Also, remember that, in many cases, a retiree (not on a defined benefit pension) will probably (a) be looking at a long lifetime into retirement and (b) be rolling at least 75% of their pension fund into an ARF, so staying invested in high risk/reward assets may make sense heading towards and even in retirement.


----------



## Steven Barrett (7 Sep 2022)

mikerd4 said:


> I know Im trying to guess the markets and world economics but I was thinking short term it might be a better bet to ease any potential craziness


 Can you tell me when you are going to get back into the market? You know someone doesn't ring a bell when it hits the bottom? It is likely to go up and back down again. But the biggest bounce will be at the start but you won't be in the market because you want to be sure that it is a recovery. 
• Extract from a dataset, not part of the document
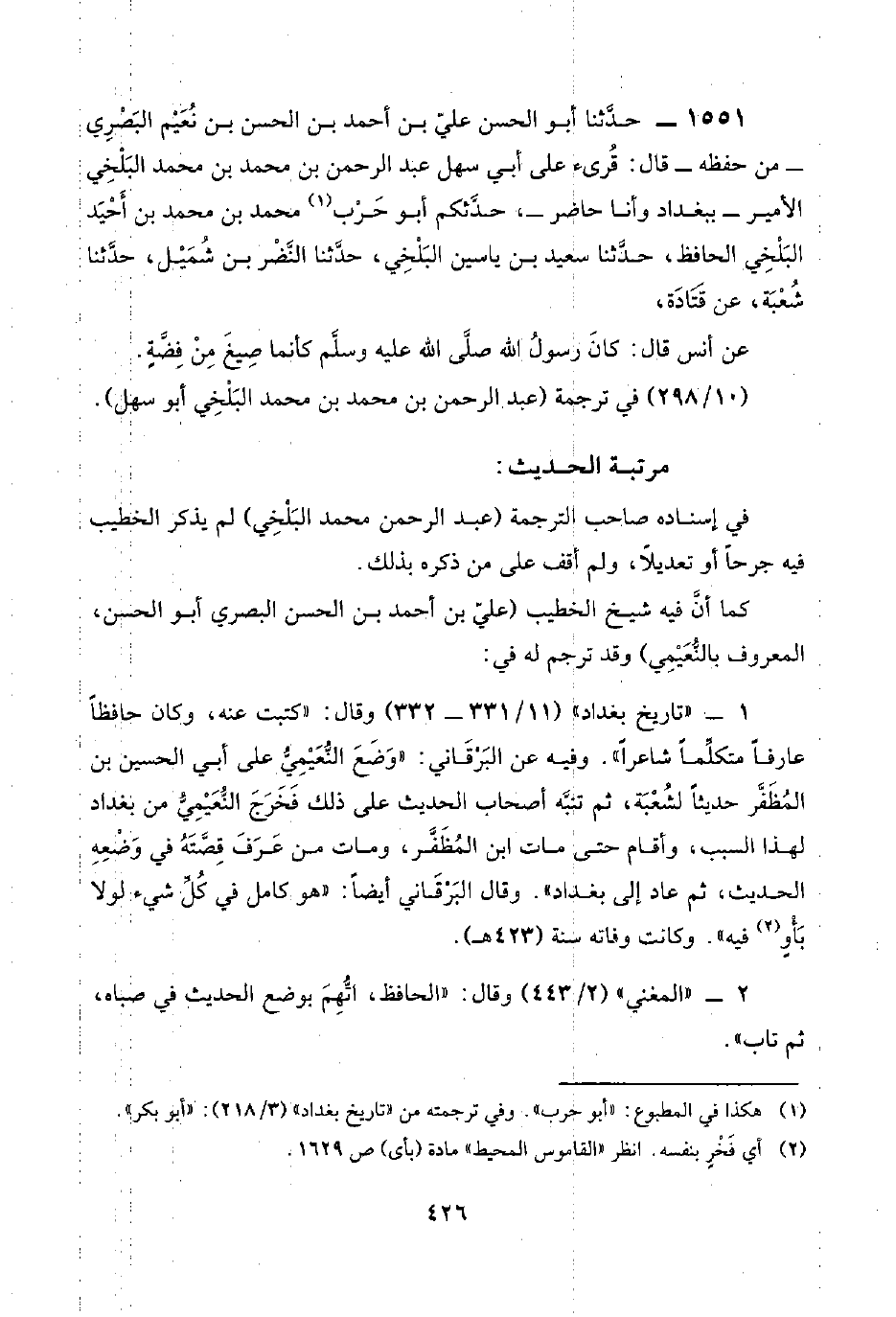 ١٥٥١ - حدَّثنا أبو الحسن عليّ بن أحمد بن الحسن بن نُعَيْم البَصْرِي -من حفظه- قال: قُرئ على أبي سهل عبد الرحمن بن محمد بن محمد البَلْخِي الأمير -ببغداد وأنا حاضر-، حدَّثكم أبو حَرْب (¬١) محمد بن محمد بن أَحْيَد البَلْخِي الحافظ، حدَّثنا سعيد بن ياسين البَلْخِي، حدَّثنا النَّضْر بن شُمَيْل، حدَّثنا شُعْبَة، عن قَتَادَة،

Downturns are a part of investing. You can't just have upside. If there was, there would be no investment risk and therefore no return. Trying to time the market is a near on impossible thing to do consistently. You may get lucky. You may not. But that is all it will be, luck. Not the greatest investment strategy to have. 

I would look to the advice of Warren Buffett rather than Michael Burry. 


Steven
www.bluewaterfp.ie


----------



## NoRegretsCoyote (7 Sep 2022)

mikerd4 said:


> What are the pro's and cons of putting my current pension pot into a cash fund?


Currently you own a tiny % of global equities. The value goes up and down but your % stays the same.

If you put it in cash you no longer own that same tiny % anymore.

The only thing certain about your proposed strategy is that you'll pay fees on the way back out and way back in again. You can't time the market at the microscopic retail level. Just stay in all equities and ignore news about the market. It's mainly noise generated by people who profit from trading.


----------



## LDFerguson (7 Sep 2022)

I agree with the last five posts.  Just adding mine to reinforce the point.  It's a fairly easy decision to switch to cash or low-risk funds when things are uncertain.  Who knows?  You might even avoid a bit of a drop in the markets.  Or you might not.  The much harder decision is when to switch back into an equity fund.  Often, a recovery can be very swift.  Miss the recovery and you've done your fund value a lot of long-term damage.  At 44, stay where you are think of any fund drops as opportunities to buy at a lower price.  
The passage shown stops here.